Western Europe in the High and Later Middle Ages (3 credits)
HIST-B 352 with Leah Shopkow
This course focuses on the expansion of European culture and institutions: chivalry, the Crusades, rise of towns, universities, Gothic architecture, law, and revival of central government. The course also overviews violent changes in late medieval Europe such as overpopulation, plague, Hundred Years' War, peasant revolt, crime, inquisition, and heresy.
World Literature Before 1500 (3 credits)
CMLT-C 320 with Ryan Hintzman
The course introduces Japan's rich classical literary tradition and its material and visual culture from the earliest periods to the early modern period and beyond; it also introduces students to interdisciplinary study and to humanistic practices of looking closely at materials from non-Western, non-modern cultures. Readings drawn from The Tale of Genji, The Pillow Book, the great warrior epic Heike monogatari, waka poetry, and early modern haiku; visual materials include paintings, narrative handscrolls (emaki), and calligraphic texts. No experience with the Japanese language or Japanese literature required. The course spends the first half of the term looking in detail at the great age of Heian court literature (c. 1000) and its place in later cultural imaginations, and then turns back to look at the seventh and eighth centuries, where we find a rather different (and rather unfamiliar) "Japan" in contact with other cultures in Asia and the Silk Road; the last few weeks of the course will be devoted to lyric poetry (waka), the poetic artefacts produced as part of poetic culture, and the poetic tradition's reinvention in the early modern period as haiku and haikai. Along the way, we will also see how generations of artists, writers and thinkers have reinterpreted and re-invented "classical" literature and the idea of "Japanese" literature to suit the needs of their particular historical contexts.

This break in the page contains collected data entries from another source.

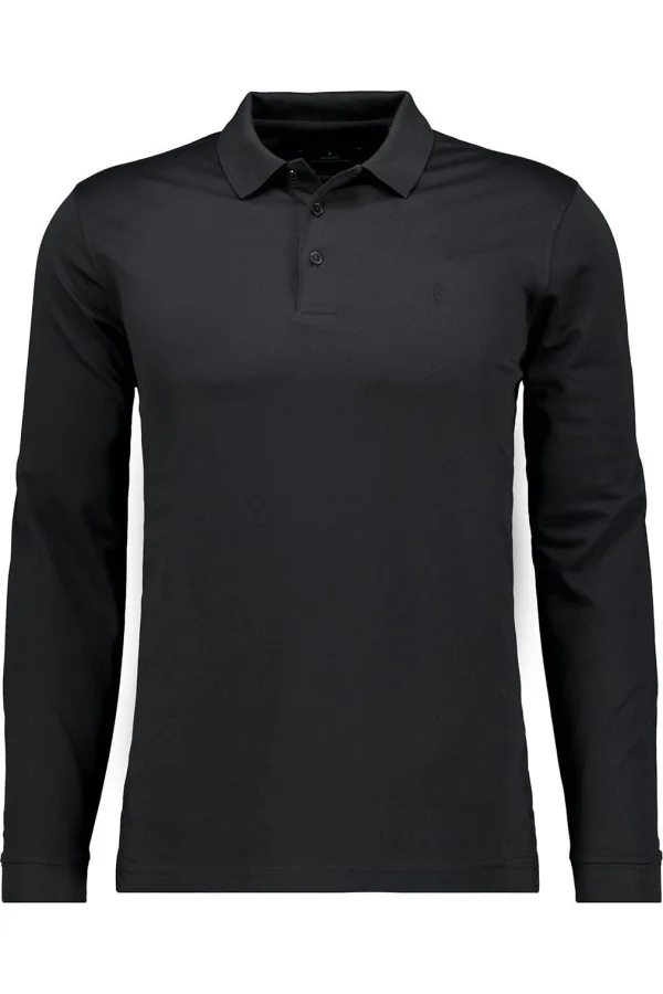 RAGMAN Soft Knit Poloshirt lange mouw zwart, Effen
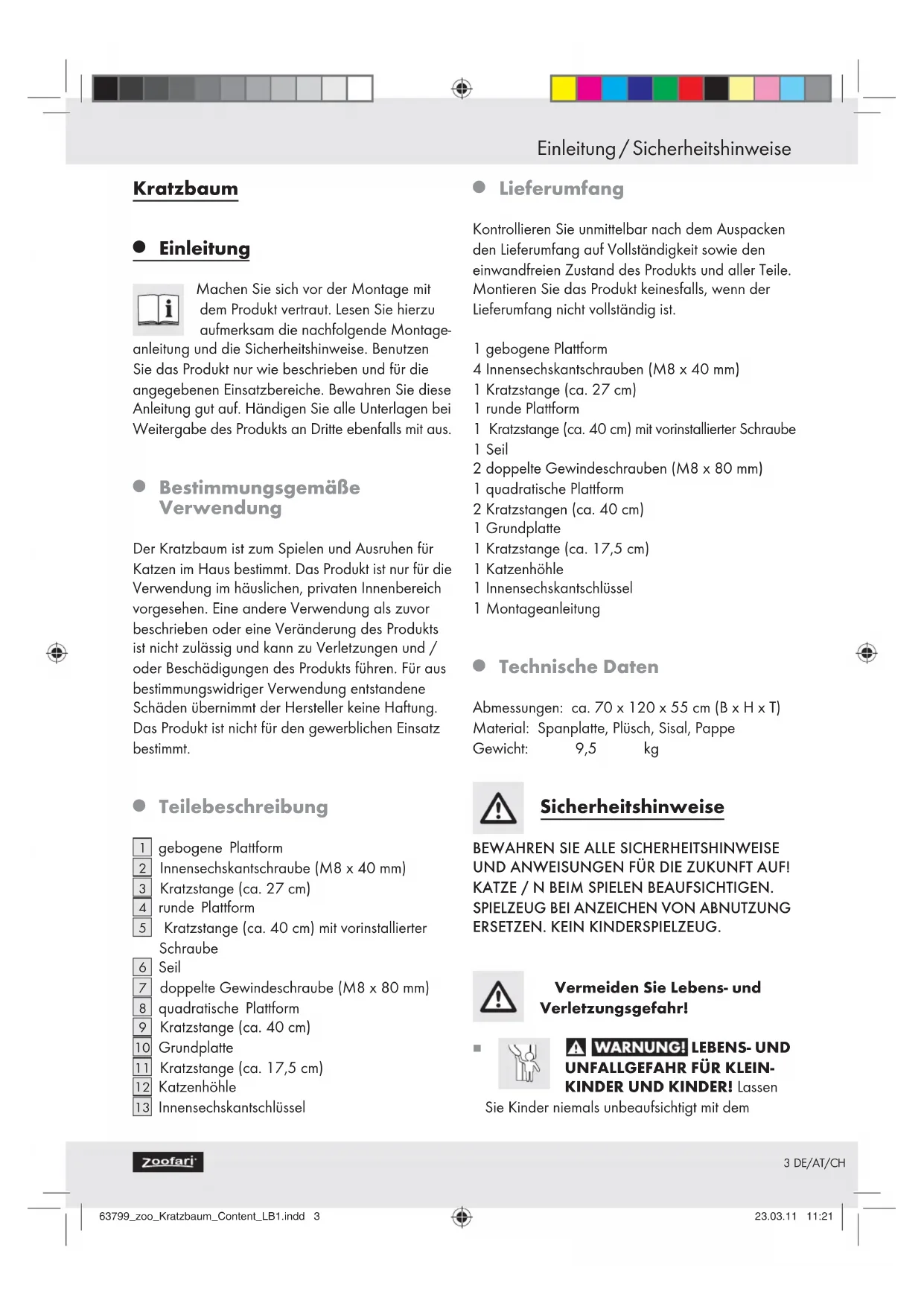 IAN 63799 - Arbre à chat ZOOFARI - Notice d'utilisation et mode d'emploi gratuit
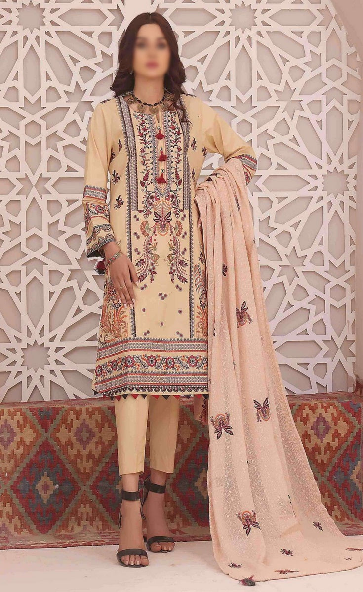 The standard style comes as a long-sleeved kameez with dupatta and trouser/shalwar.
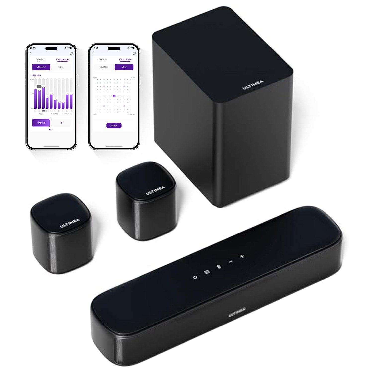 Lieferumfang | 1 × Soundbar; 1 × Subwoofer; 2 × Surround-Lautsprecher; 1 × Soundbar-Netzteil; 1 × Surroundboxen-Netzteil; 1 × Surround-Kabel (6m); 1 × Optisches Digitalkabel; 1 × Benutzerhandbuch; 1 × Fernbedienung (Batterien nicht enthalten); 8 × Wandmontagesatz; 4 × Wandhalterung; 4 × Befestigungsschrauben der Lautsprecher; |
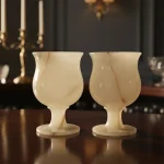 Indulge in the opulence of SaaRaa Fiction’s Victorian Onyx Wine Glasses, a masterful fusion of classic Victorian aesthetics and natural craftsmanship. Each glass is meticulously handcrafted from premium onyx, celebrated for its mesmerizing translucence and unique veining patterns. The intricate Victorian-inspired detailing adds a touch of vintage charm, making these wine glasses a perfect centerpiece for elegant gatherings or intimate dinners. Functional yet artistic, they are designed to enhance your wine experience while doubling as striking decor pieces. Whether as a thoughtful gift or an addition to your collection, these glasses embody sophistication, blending historical allure with the natural beauty of onyx.
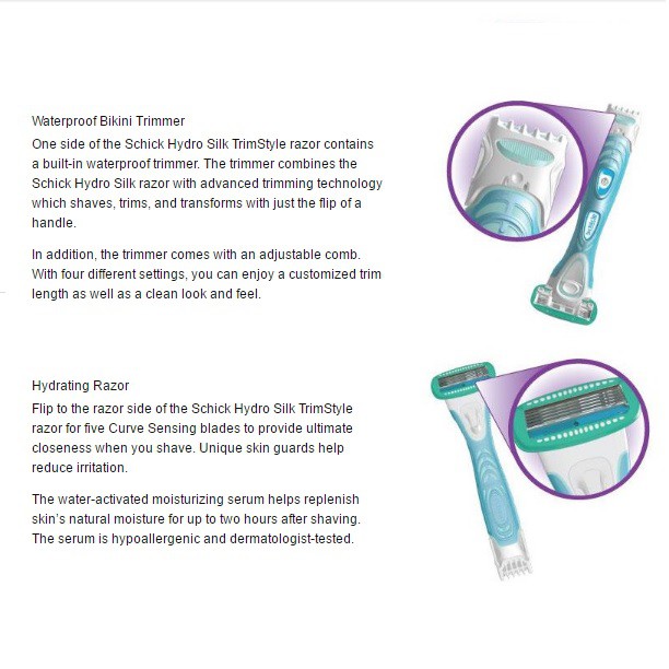 Combining the uniquely designed schick hydro silk razor with advanced trimming technology, this razor shaves, trims, and transforms with just the flip of a handle schick hydro silk trimstyle razor. This moisturising serum is clinically proven to provide lasting hydration for up to 2 hours after shaving.
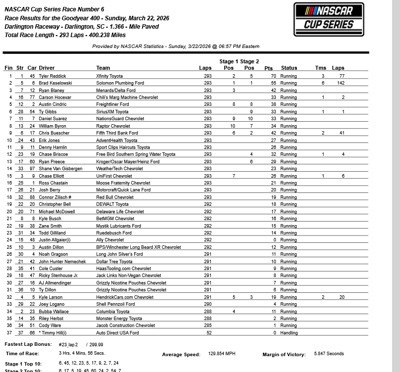 Hey, NASCAR, see what happens when you give race winners sufficient points? Dominant drivers can get some separation. And with a minmal reset, they have every reason to try to stay there.
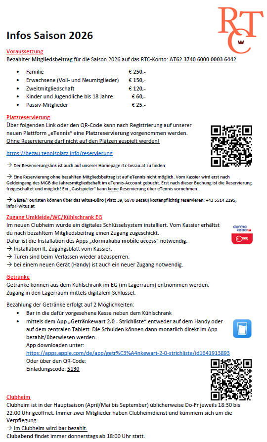Tarife/Infos 2026
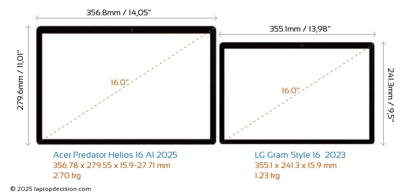 HDMI Predator Helios 16 AI 2025 features an HDMI port (1x HDMI 2.1) for connecting to external monitors. Gram Style 16 2023 does not have an HDMI port.
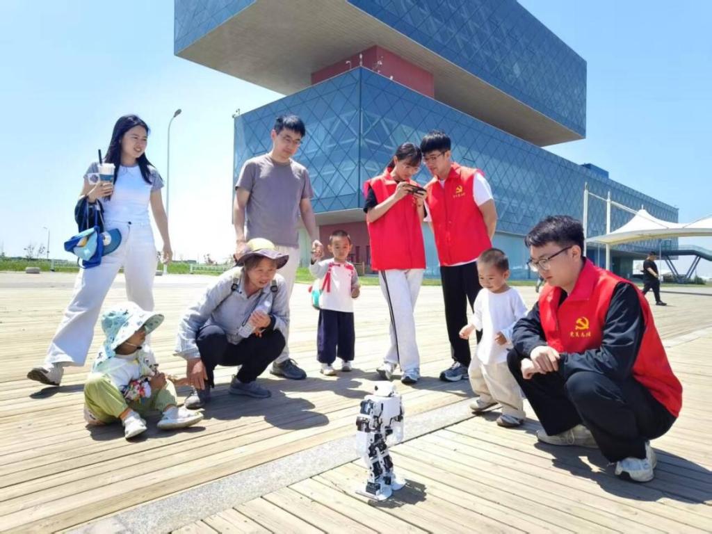 活动伊始,党员先锋志愿服务队率先为游客们展示了智能机器人,它们灵活的动作和智能的表现瞬间吸引了游客的目光。志愿者们不仅详细讲解了机器人的工作原理,还分享了制作过程中的创新点与难点,让游客们近距离感受到了科技带来的无限魅力。
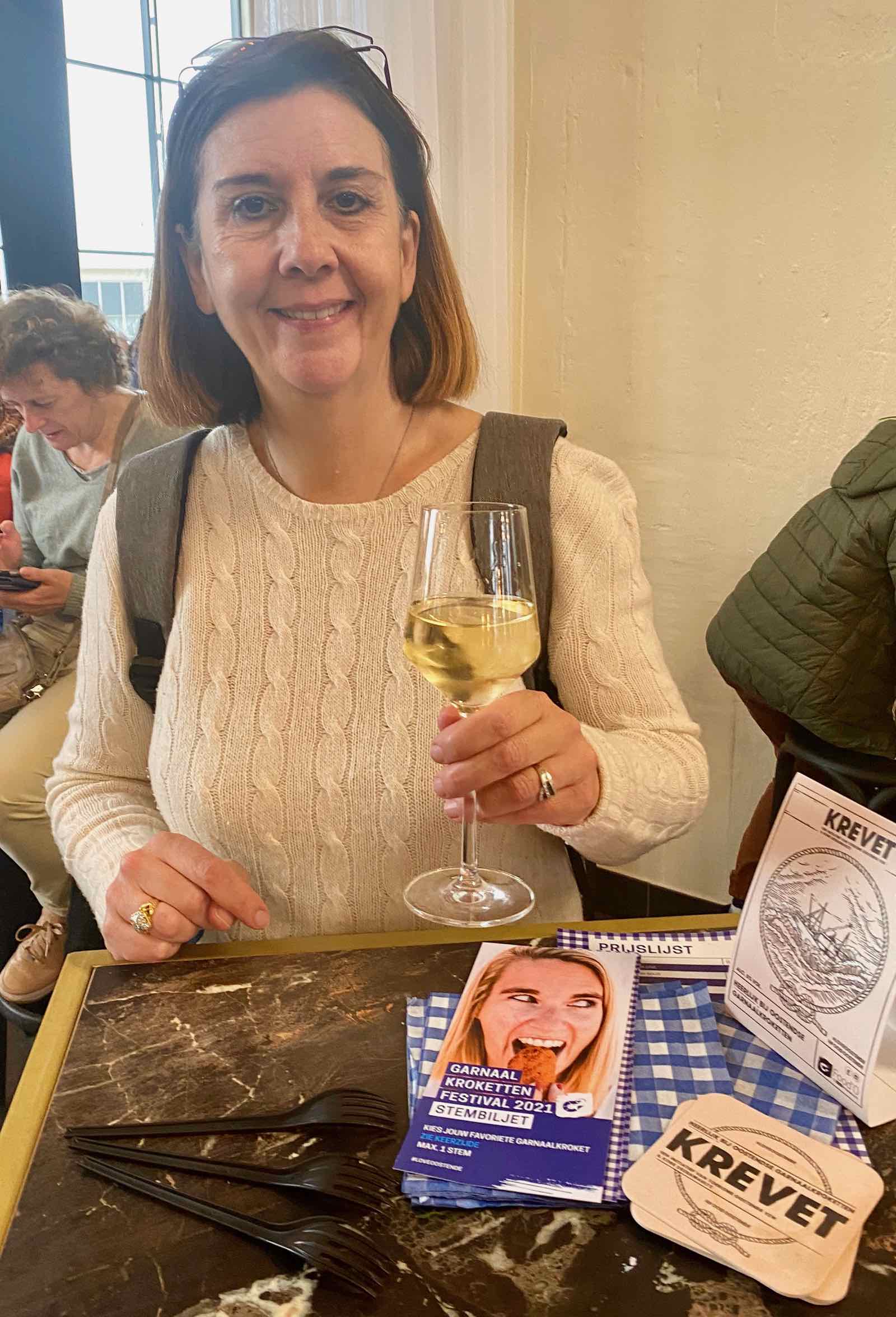 Festival-des-Croquettes-de-crevettes-Ostende-femme-avec-verre-vin-blanc
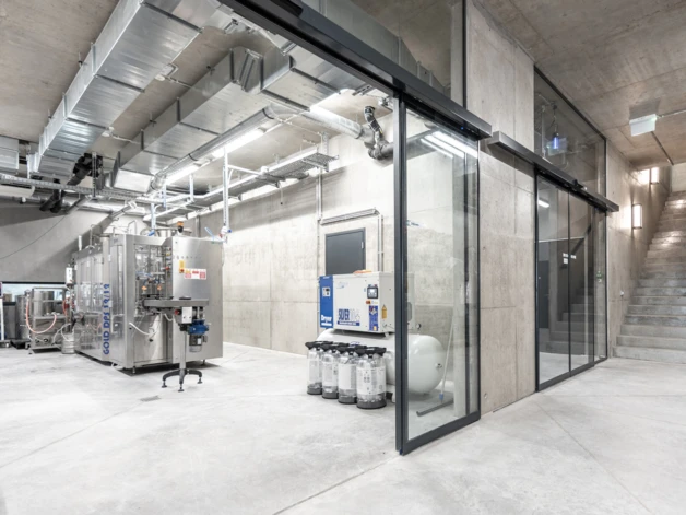 A külső megjelenést meghatározó anyagok a téglány formájú antracit kerámia cserép, az állókorcos fémlemez fedés, a vakolt felületek, az alumínium nyílászárók és függönyfalak, valamint a helyenként felbukkanó modern technológia fémes csillogása. A belsőépítészet igazodik az építészeti koncepcióhoz. Az üzemi terekben a funkcionális szempontok állnak a fókuszban, jól látható a nyers technológia, a beton szerkezeti elemek, műgyanta padlófelületek. A vendégterekben és az irodában a látszóbeton, fa, alumínium és az üveg a meghatározó anyagok. A ferde mennyezeti födémekre kettős lécvázra szerelt rusztikus faburkolat került, melyhez bontás előtt álló, gazdasági épületek szerkezeti elemei lettek újra hasznosítva. A svédpadló és a geometriához illesztett fa beépített burkolatok meleg hangulatot teremtenek a belső terekben.”
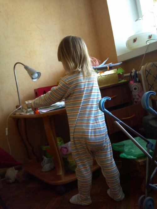 Машу завораживает папина футболка с болгарским алфавитом, все лампы и люстры.
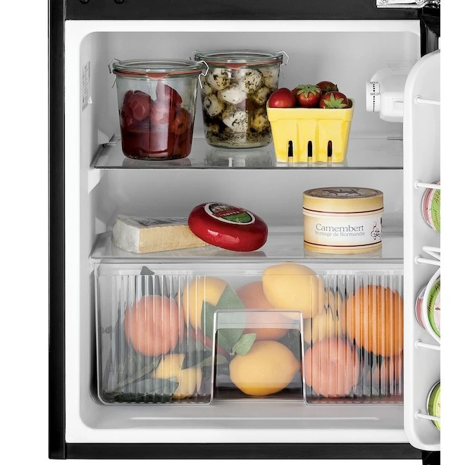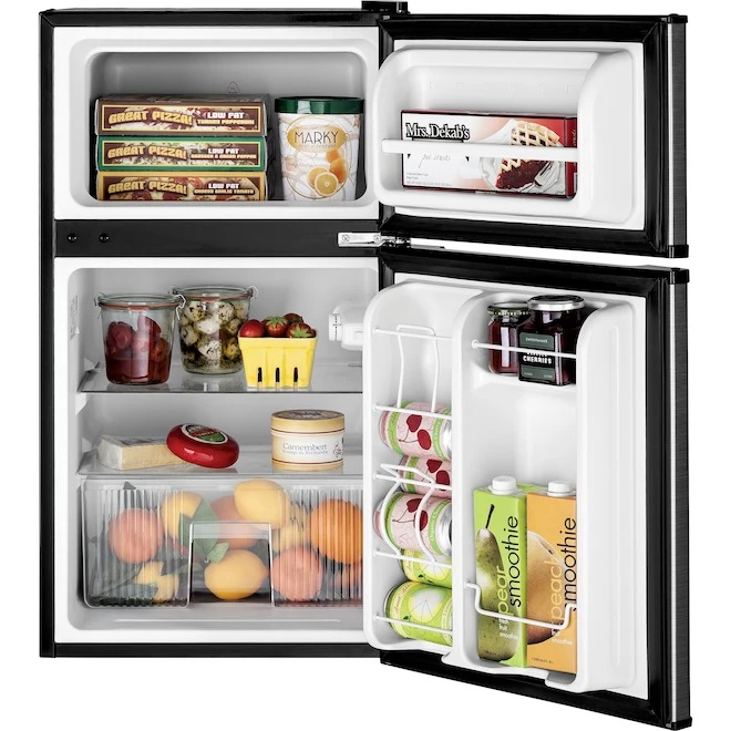 GE 3.1 cu. ft. dual-door compact refrigerator features 2 different compartments to hold multiple frozen and fresh grocery items. Easy-to-clean glass shelves, clear crisper drawer for fruits and vegetables, door bins and can rack for your favourite drinks optimize food storage possibilities . Rounded doors with recessed handles leave a beautiful smooth look, and make opening and closing simple.
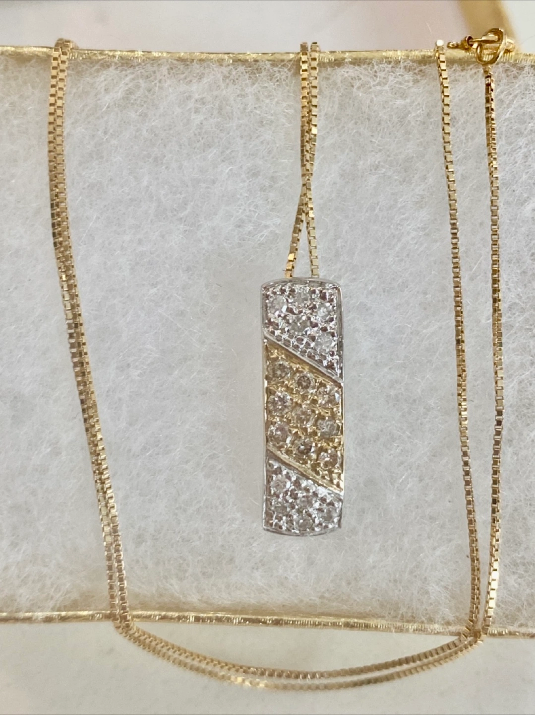 A beautiful sokid 10k yellow and white gold chain pendant and necklace with a diamond . The pendant has a unique design with two colours. It's in New condition and ready to wear

I took Professor Diane Reilly's "The Medieval City" course through the Art History department in the fall of 2016, and I absolutely loved it. Though I was just taking the course as part of my major requirements, I completed the class with a love for everything medieval. I credit this to Professor Reilly's enthusiasm for and superior knowledge of anything and everything medieval; it was such a pleasure to learn from her, and I suggest that students from any field of study take this class with her if the opportunity arises.